Data Service / Atlas of Taiwan Climate Change Key Indices
Q1. For the future projection, what are the near-, mid-, and long-term periods classification based on?
The classification follows on IPCC 5th Assessment Report (AR5), with the near, mid, and long term periods are 2016–2035, 2046–2065, and 2081–2100, respectively.
Q2. What models provide these projection information in the future?
These results are based on CMIP5 model outputs. For each warming scenarios, it consists of different climate model experiments: RCP 2.6 (22), RCP 4.5 (30), RCP 6.0 (17), and RCP 8.5 (33). (Table A).
Table A Models’ daily data after statistical downscaling, including historical climate models (i.e. the base period) and four groups of global warming scenarios (i.e. RCP2.6, RCP4.5, RCP6.0, and RCP8.5). (√: Available information)

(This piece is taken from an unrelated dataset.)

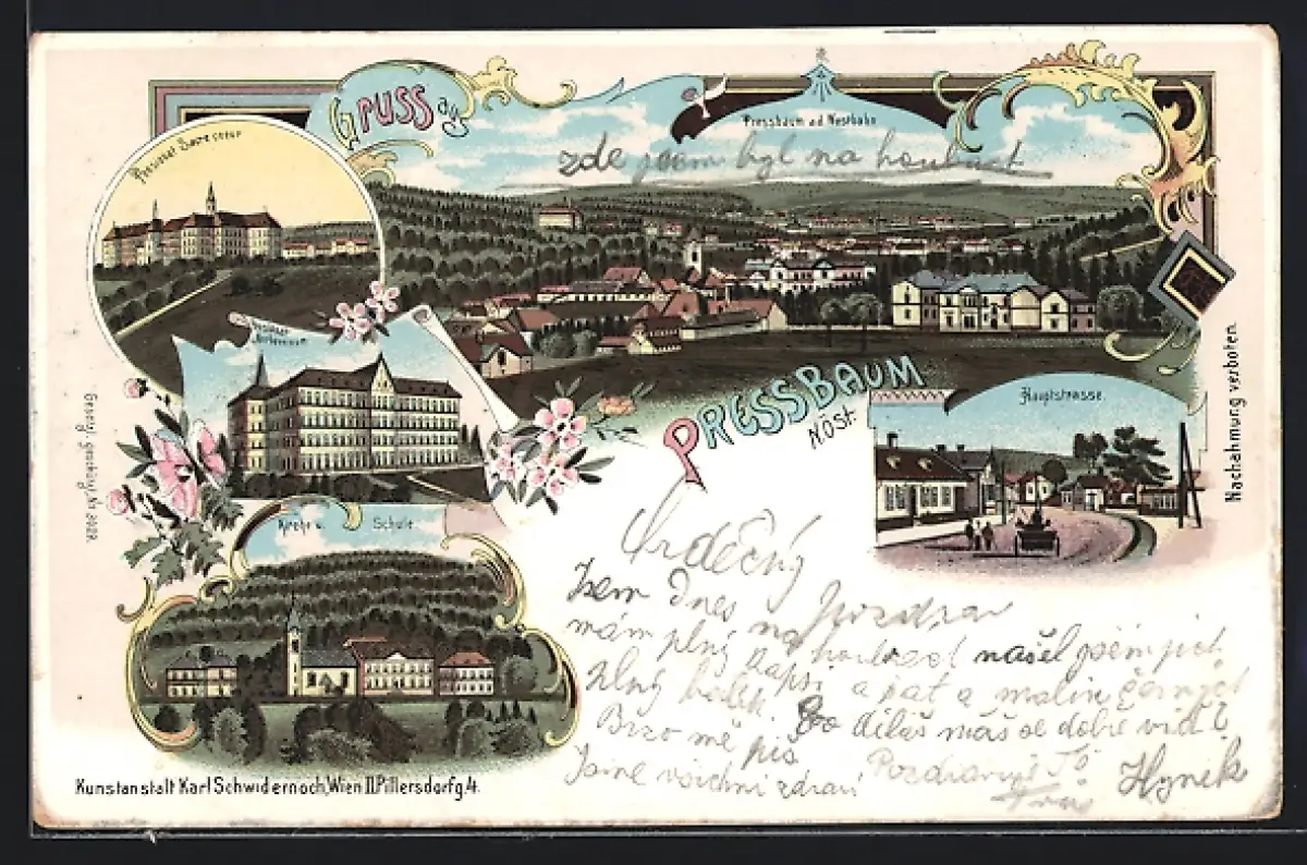Lithographie Pressbaum / Westbahn, Pensionat Norbertinum, Hauptstrasse, Kirche und Schule
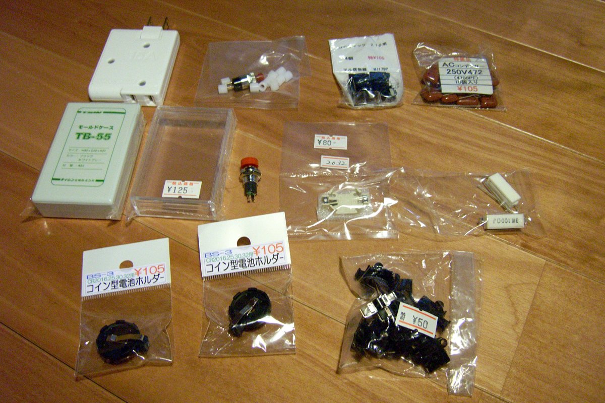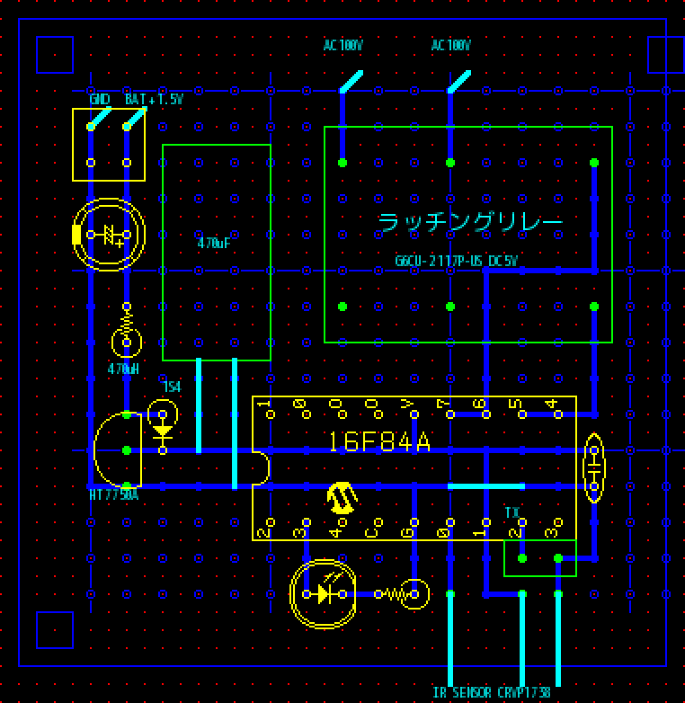 制御には「PIC16F648A」を、乾電池の1.5Vを5Vに昇圧するのに、PFMステップアップDC/DCコンバータ「HT7750A」を、リレーはラッチングタイプの「G6CU-2117P-US DC5V」を、赤外線センサには「CRVP1738」を用いた。

| Model | Organization | Historical | RCP26 | RCP45 | RCP60 | RCP85 |
|---|---|---|---|---|---|---|
| ACCESS1-0 | CSIRO-BOM | √ | √ | √ | ||
| ACCESS1-3 | CSIRO-BOM | √ | √ | √ | ||
| bcc-csm1-1 | BCC | √ | √ | √ | √ | √ |
| bcc-csm1-1m | BCC | √ | √ | √ | √ | √ |
| BNU-ESM | BNU | √ | √ | √ | √ | |
| CanESM2 | CCCMA | √ | √ | √ | √ | |
| CCSM4 | NCAR | √ | √ | √ | √ | √ |
| CESM1-BGC | NCAR | √ | √ | √ | ||
| CESM1-CAM5 | NCAR | √ | √ | √ | √ | √ |
| CMCC-CESM | CMCC | √ | √ | |||
| CMCC-CM | CMCC | √ | √ | √ | ||
| CMCC-CMS | CMCC | √ | √ | |||
| CNRM-CM5 | CNRM-CERFACS | √ | √ | √ | √ | |
| CSIRO-Mk3-6-0 | CSIRO-QCCCE | √ | √ | √ | √ | √ |
| EC-EARTH | ICHEC | √ | √ | |||
| FGOALS-g2 | LASG-CESS | √ | √ | √ | √ | |
| GFDL-CM3 | NOAA-GFDL | √ | √ | √ | √ | |
| GFDL-ESM2G | NOAA-GFDL | √ | √ | √ | √ | √ |
| GFDL-ESM2M | NOAA-GFDL | √ | √ | √ | √ | |
| HadGEM2-AO | MOHC | √ | √ | √ | √ | √ |
| HadGEM2-CC | MOHC | √ | √ | √ | ||
| HadGEM2_ES | MOHC | √ | √ | √ | √ | √ |
| inmcm4 | INM | √ | √ | √ | ||
| IPSL-CM5A-LR | IPSL | √ | √ | √ | √ | √ |
| IPSL-CM5A-MR | IPSL | √ | √ | √ | √ | √ |
| IPSL-CM5B-LR | IPSL | √ | √ | √ | ||
| MIROC5 | MIROC | √ | √ | √ | √ | √ |
| MIROC-ESM | MIROC | √ | √ | √ | √ | √ |
| MIROC-ESM-CHEM | MIROC | √ | √ | √ | √ | √ |
| MPI-ESM-LR | MPI-M | √ | √ | √ | √ | |
| MPI-ESM-MR | MPI-M | √ | √ | √ | √ | |
| MRI-CGCM3 | MRI | √ | √ | √ | √ | √ |
| MRI-ESM1 | MRI | √ | √ | |||
| NorESM1-M | NCC | √ | √ | √ | √ | √ |
| Total | 34 | 22 | 30 | 17 | 33 | |
Q3. Is there any application for these key indices?
This atlas referenced the Expert team on Climate Change Detection and Indices (ETCCDI) (Kart et al., 1999; Peterson, T.C., and Coauthors, 2001) established by the WMO. Sorted key indices-related applications are as follows (Table B).
Table B Climate indices-related applications.
| Indicator | Rationale | Reference |
|---|---|---|
| RX5DAY | A measure of short-term precipitation intensity Potential flood indicator | Peterson, T.C., and Coauthors (2001) |
| SDII | A simple measure of precipitation intensity | |
| CDD | Effects on vegetation and ecosystems Potential drought indicator A decrease would reflect a wetter climate if change was due to more frequent wet days | Frich et al (1996) |
| R10mm | A direct measure of the number of very wet days. This indicator is highly correlated with total annual and seasonal precipitation in most climates | |
| Tn90p | A direct measure of the number of warm nights. This indicator could reflect potential harmful effects of the absence of nocturnal cooling, a main contributor to heat related stress | Peterson, T.C., and Coauthors (2001) |
| HWDI | Linked with mortality statistics |